So she milked Daisy, set the table, and made ready for her father, who was often late, then took her bowl of bread and milk and sat on the door-step listening with all her might. She always strewed crumbs for the wrens, and they flew down to eat without fear. To-night they came, and as they pecked they talked, and Betty understood every word.

"Here's a fine soft bit, my love," said the papa, as he hopped briskly about, with his bright eye on the little girl. "Have a good supper while I feed the children. The child never forgets us, and saves me many a long journey by giving us these nice crumbs. I wish we could do something for her."

"So do I, and quite tire my wits trying to make some plan to give her pleasure. I often wonder why the little Princess up at the palace has so much and our dear Betty so little. A few of the books and toys that lie about up there would make this child so happy. It is a pity no one thinks of it;" and the kind Mamma Wren sighed as she ate a nice bit close to Betty's bare foot.

"If she was not so shy and would let people speak to her, I think she would soon make friends, she is so pretty and gay," answered the papa, coming back for another load for the hungry babies in the nest.
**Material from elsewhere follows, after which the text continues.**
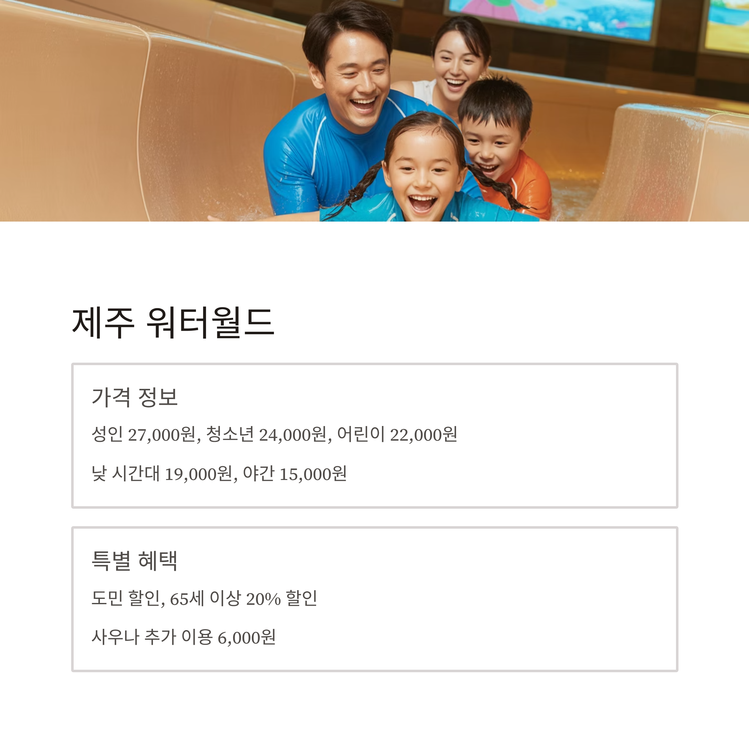| 제주 워터월드 | 27,000원 | 도민·65세 할인, 시간대별 할인, 사우나 연계 할인 | 실내 미디어 아트 테마, 사우나 가능 |

"The Princess has heard of her and wants to see her. I heard the maids talking about it to-day when I went to call on Cousin Tomtit in the palace garden. They said her Highness was to drive through the pine wood early to-morrow morning to breathe the fresh air, and hoped to see the Brownie and the pretty white cow. Now, if Betty only knew it, she might gather a posy of cowslips, and when the little lady comes give them to her. That would please her very much and bring Betty some pretty gift; for her Highness is generous, though sadly spoilt, I'm afraid."

This fine plan of Mamma Wren's pleased Betty so much that she clapped her hands and startled the birds away.

"I'll do it! I'll do it!" she cried. "I always wanted to see the little Princess father has told me about. She is ill, and cannot run and play as I do, so I should love to please her, and the cowslips are all out. I'll go early and get a hat full, and not run away if she comes."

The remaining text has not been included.